The fluid velocity in the heating circuit can be from 0.6m / s to 1.5m / s, but in cases where a larger value is observed, the hydraulic noise in the system is significantly reduced, therefore, we will take the speed of 1.5m / s as starting value.
When we have all the necessary values, we can substitute them into the formula D = v354 * (0.86 * Q /? T) / V, in which case we will have D = v354 * (0.86 * 2.5 / 20) / 1 5? 1,34, then we need a pipe with an inner diameter of 14 mm
Of course, when you do a heating system in your own house with your own hands, then the probability that you will use formulas for calculations is negligible, but in this case there is a manual for you in the form of tables located in this article. In addition, the table takes into account the type of fluid circulation, which can be forced or natural.

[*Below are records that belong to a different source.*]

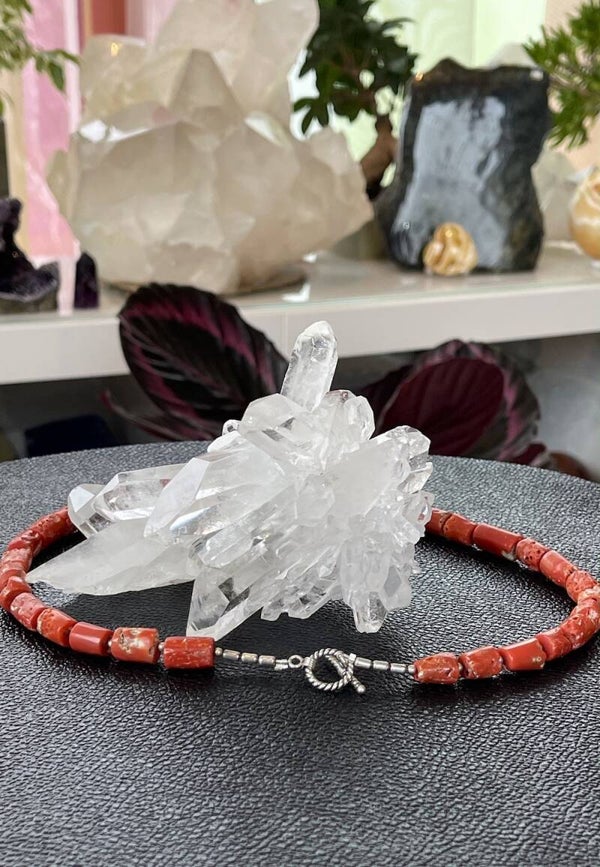 Ketting met natuurlijke Koraal, ruw getrommelde cabochon pijpjes-kralen uit de Middellandse Zee met zilveren kralen ertussen en zilveren sluiting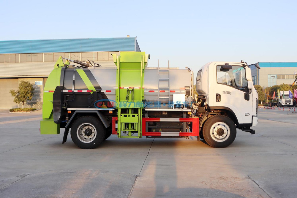 該車特點 由于餐廚垃圾車上裝結構復雜,自質量較大,降低餐廚垃圾車自質量,提高其載荷 利用率,將降低車輛運營成本。因此采用高強度材料,以降低上裝自質量;擋泥板、裝飾件、蓋 板等輔助件采用密度較小的注塑件,采用集成化程度較高的零部件,以減少空間占用和自質量, 同時有利于改善液壓系統的工作性能。專人試車;模擬各種復雜工作環境,所有壓縮發車前實物測試。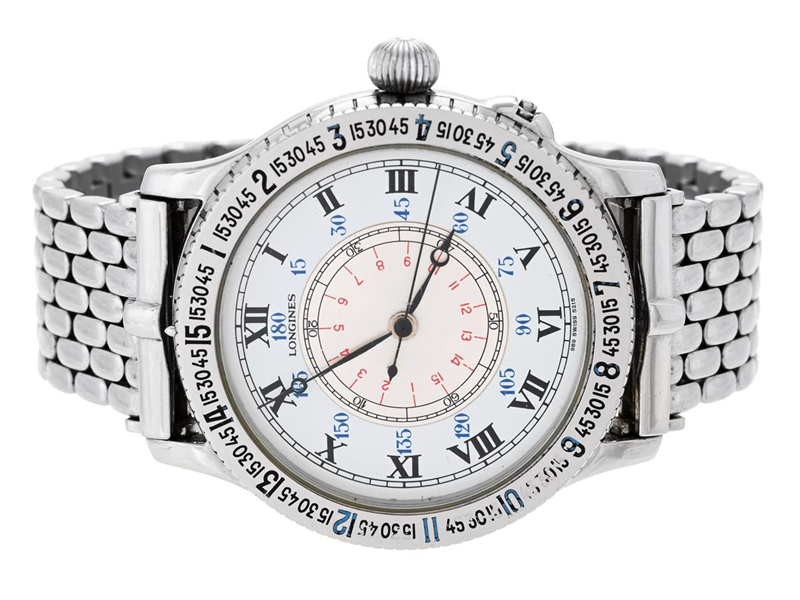 LONGINES, Hour Angle Watch, designed of Charles Lindbergh, Cal L989.2, Serial no. 57710153, Ref no. 989.5215, Case no. 24369197, men´s wristwatch, 38 mm, steel, self winding, mineral crystal, openable case back with glass cuvett, engraving, original bracelet, approx. 1992.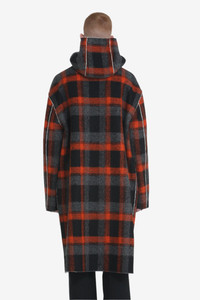 Long checked coat with hood made of thick fabric with a checkered pattern in shades of red, black, and gray. It has a loose, straight fit, exposed seams, and a front snap closure. It features a full hood and two side pockets in the seam. DETAILS Color: Black Background Orange Picture Composition: 70%PL 30%WO Product Code: 25IN1M0N0113065Q9B1 Made in Italy SIZE AND VESTIBILITY The model wears size M. The garment fits regular.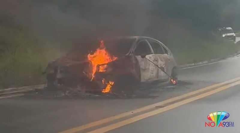 Carro pega fogo na estrada do Forninho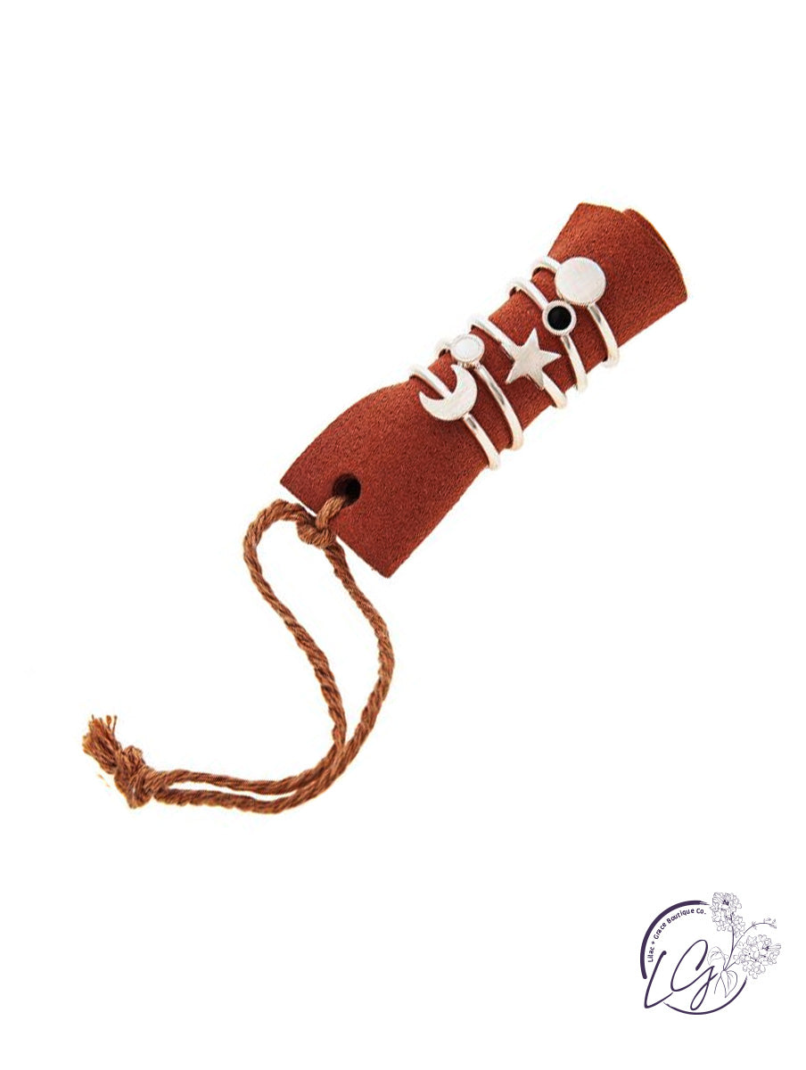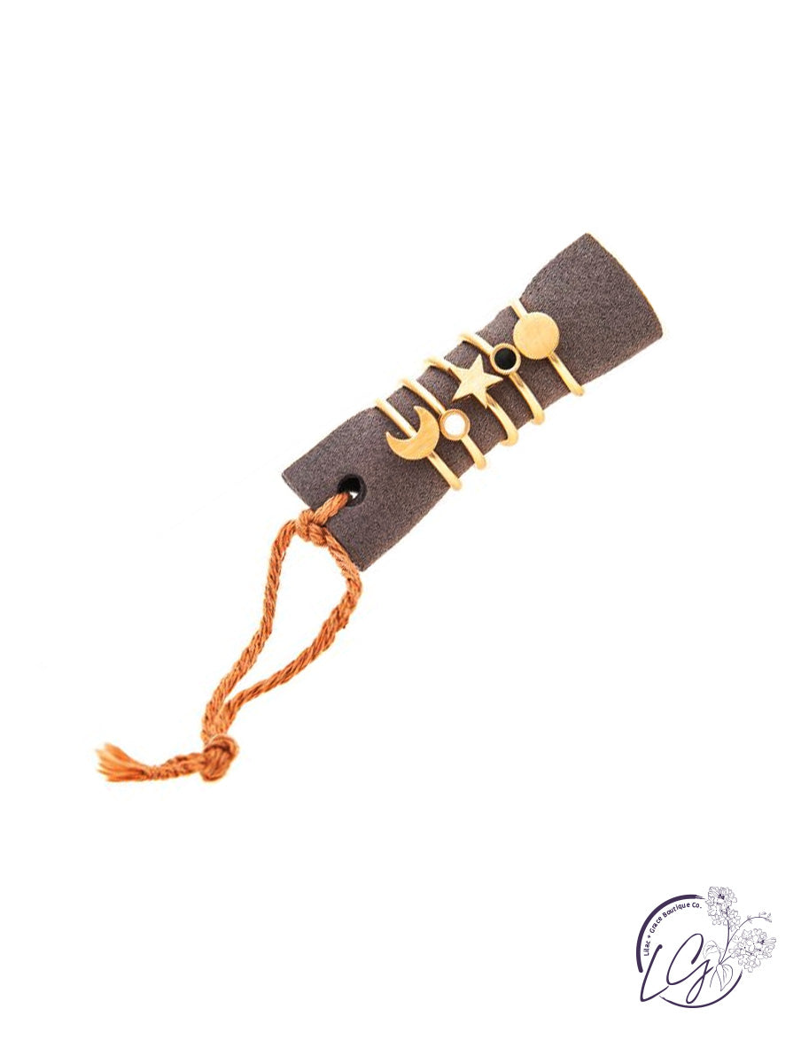 Gold 5 Piece Assorted Black and White Gems Star and Crescent Moon Celestial Theme Adjustable Fashion Ring Set
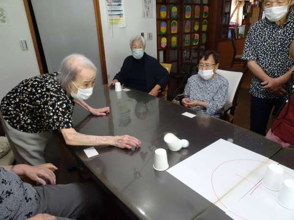 最初のゲームは「紙コップ争奪戦」ゲーム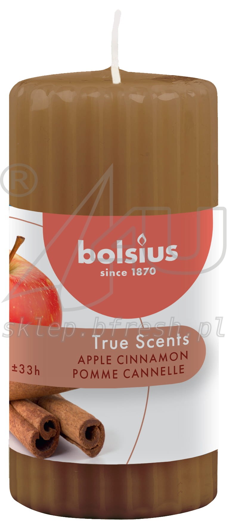 ŚWIECA ZAPACHOWA JABŁKO Z CYNAMONEM True Scents (WALEC BRYŁOWA PIEŃKOWA ) 120/60 MM BOLSIUS 1 SZT.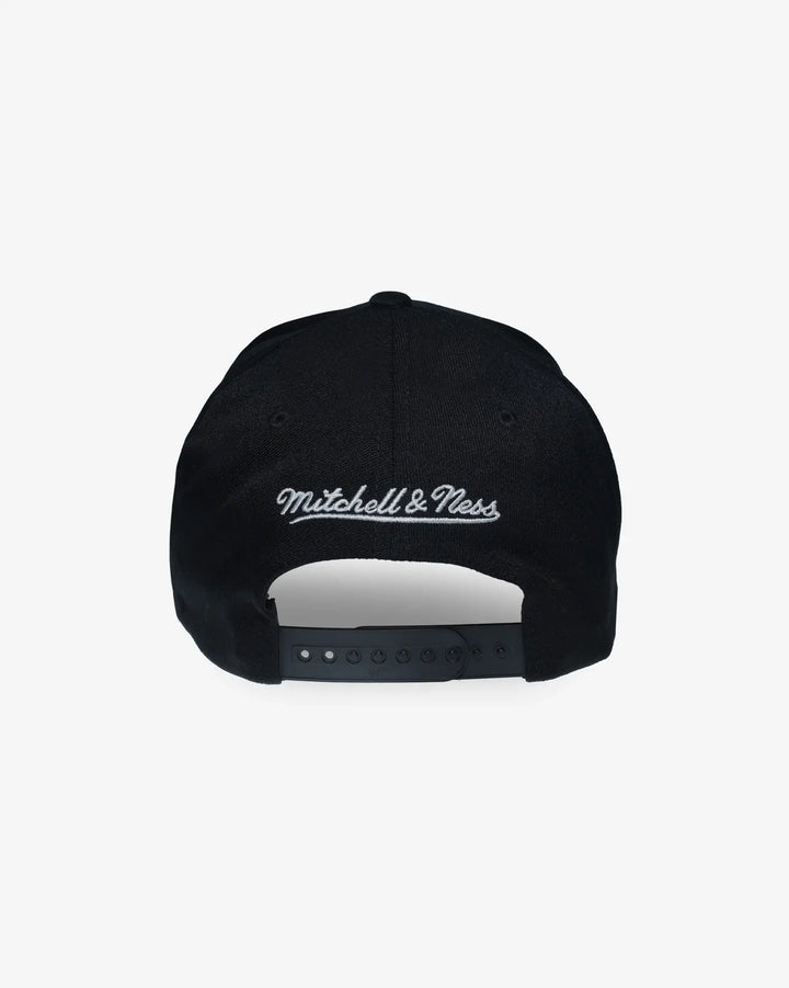 Designed for a comfortable and secure fit, the hat combines the best of both worlds with its Flex Fit and adjustable snapback closure. This hybrid design ensures a snug feel that's tailored to your head while still offering easy adjustments. The iconic Mitchell & Ness wordmark is embroidered on the back, adding a touch of classic sports-apparel heritage.

Nowadays, most often (especially in the private sector), radiator circuits, as well as the distribution of heating pipes to floor heating systems, are made of polypropylene. Of all used in this case, this material has the lowest thermal conductivity, but, nevertheless, in those places where the pipes pass through the cold areas, they need to be warmed.
Conclusion
In conclusion, we can say that the most commonly used outer diameter of polypropylene pipes for heating circuits in the private sector is 20, 25.32 and 40 mm. Heaters to the radiators are generally made with a cross section of 20 mm, occasionally 25 mm, and thicker pipes are used as risers.